The weekend began in Washington, D.C., where my roommate and I are interning at a software company. Although we earn identical salaries—and even hail from similar socioeconomic backgrounds—he often views my purchases as excessive, while his spending strikes me as ascetic.
On Friday morning, as I departed for my daily trip to Starbucks, he flashed his usual half-smile and opted to get his coffee from the office kitchen. In the afternoon, I stifled a chuckle as he explained to a coworker that, though we would both be visiting New York City that weekend, he would be taking a midnight bus because it was several dollars cheaper than my afternoon one.
Though these disagreements about money are never confrontational, they have forced me to think about how I can justify spending more than my roommate.
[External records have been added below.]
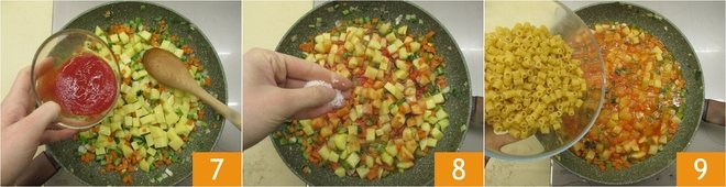 Pour in the tomato sauce 7, salt 8, and add the pasta 9.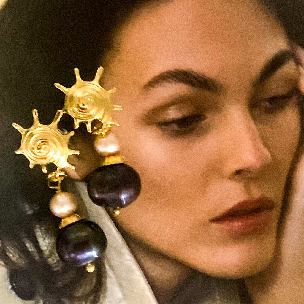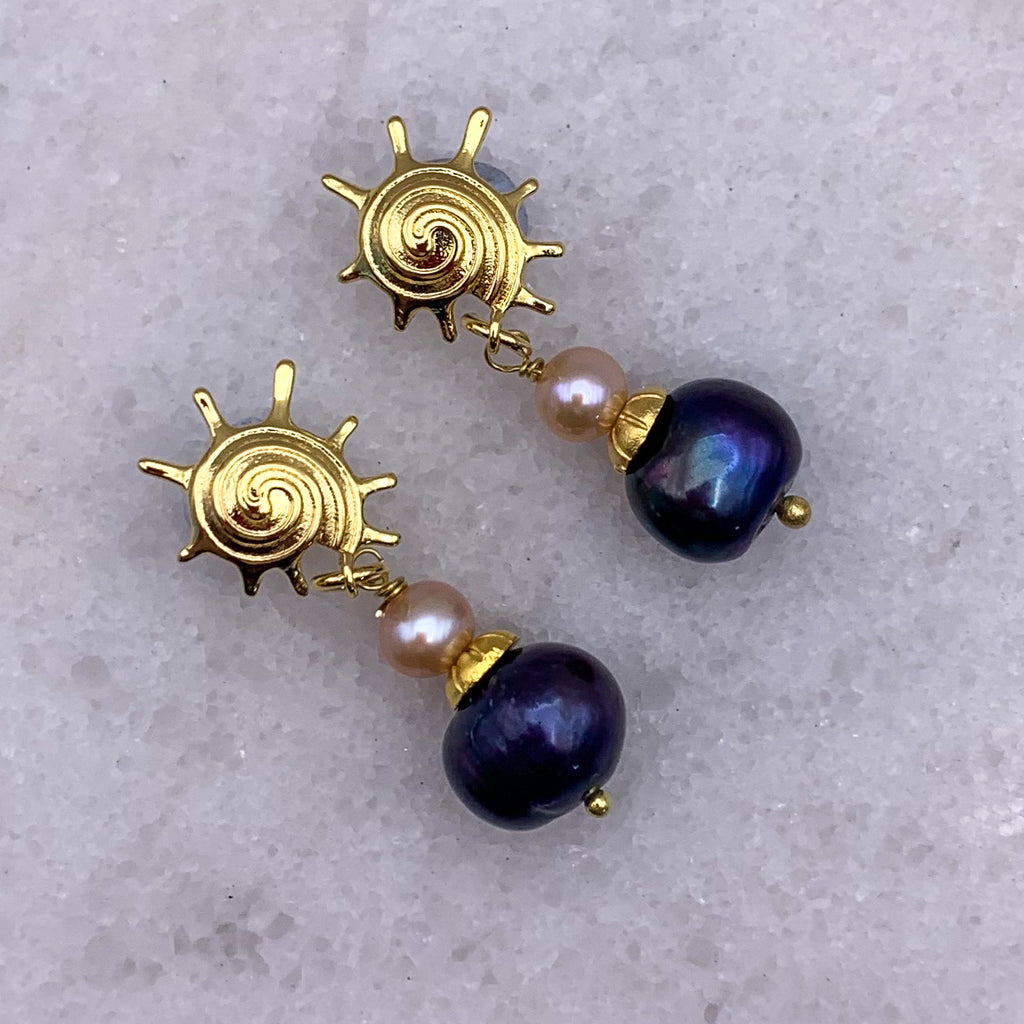 A wonderful carved Gold-Filled carved shell with gold ear stud hangs perfectly to set these pearls off beautifully.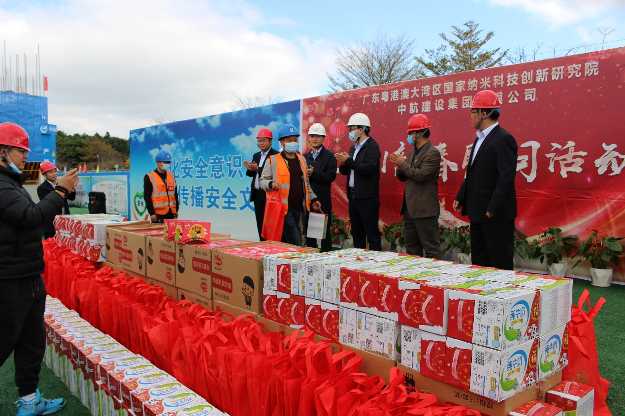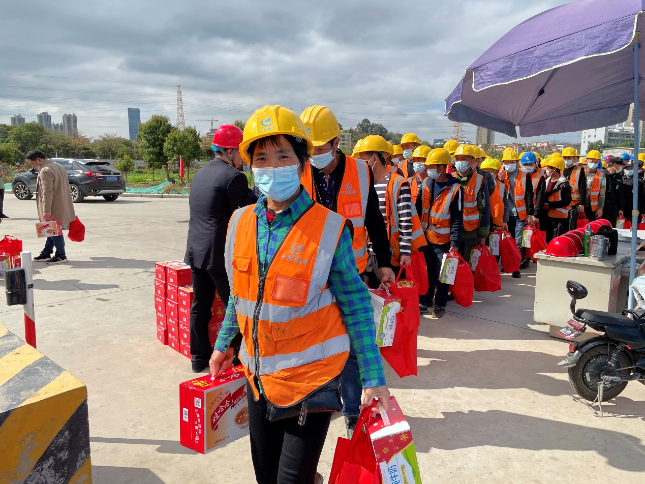 大年三十闹新春,生产一线迎新年。为响应地方政府“留穗过年”的号召,2021年2月11日,华体会官方版网站登录入口南方工程有限公司联合广州市黄埔区鱼珠街道办事处、广州纳米产业投资有限公司、广州珠江华体会官方版网站登录入口监理有限公司,组织开展“2021新春慰问活动”。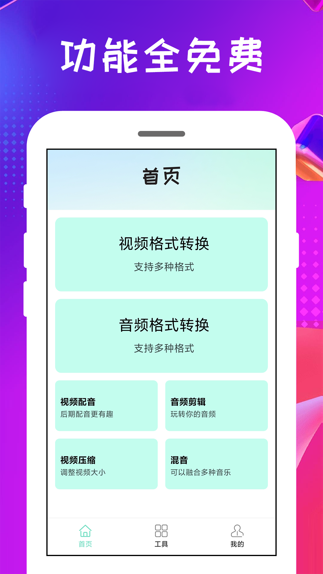 傻瓜式格式转换工具箱,各种功能一目了然,用户们直接选择对应的按钮,实时格式切换,打破了水印、文件格式等限制。在格式转换的同时,它还能进行视频和音频编辑,自由分解出文件的某一部分。
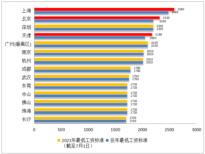 2021年第二季度,十四個重點城市的企業最低工資標準,上海市為2590元/月,同比提高了4.44%;北京市為2320元/月,同比提高了5.45%;天津市為2180元/月,同比提高了6.34%;其他地區不變。番禺區企業最低工資標準為2100元/月,非全日制職工小時最低工資標準為20.3元/小時。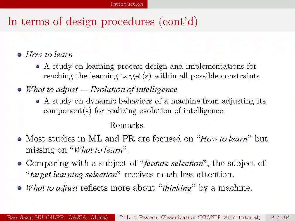 在大部分的机器学习与模式识别研究中,关注更多的是”how to learn”与”what to evaluate”的问题,但是”what to learn”以及”how to adjust”的问题却很少被研究,而他们也是机器学习更加智能的关键,如果学习目标是错误的,即使再好的学习方法也无法达到目标;而不知道如何调整机器学习组件,也就无法提升机器智能的层次。

I’ve tended to adopt the attitude that neither of us has the “right” approach, but that we each spend in accordance with our own appetites and values.
However, my “to each his own” attitude was challenged during my trip to New York, when I found myself in the apartment of several high school friends working in finance. I listened in shock as one friend told me he had dropped $2,500 during a three-day trip to Las Vegas; later that night, he spent over $240 in the span of a few hours at a nearby bar. Over the course of the weekend, I heard other stories of coworkers who spent thousands of dollars on handbags, or spontaneously hired helicopters to the Hamptons.
To me, these expenses were more than a waste of money—they were conspicuous consumption, evidence of a misplaced value on extravagance. But, I wondered, couldn’t my roommate level the same criticism at me, with my habitual venti chai lattes?
In the weeks that have followed, I’ve found no easy answers to this question. But I’ve realized that my own spending needs a little bit more scrutiny than a flippant “to each his own.” Wrestling with my approach to money—and, in a broader sense, privilege—may be the most important task of my fast-approaching senior year.
Because at Harvard, we often talk about how wealth impacts the broader world, but we don’t always think about how we could be a part of that trend. And in just a few years, we will all leave this school with the privilege of an Ivy League education, and the associated earning potential. We will enter a world where the disparity between haves and have-nots grows wider every day.
How we choose to “use” our privilege—by spending lavishly or living abstemiously, donating graciously or forgoing money to spend time with loved ones—will play a major role in defining our identities.
The question of individual spending will never be an easy one. But I’m looking forward to talking through it with my friends over the next year. Whether these conversations will be happening at Starbucks—well, that’s still to be decided.
Evan T.R. Rosenman ’12, a Science News Executive, is a Physics and Mathematics Concentrator in Kirkland House.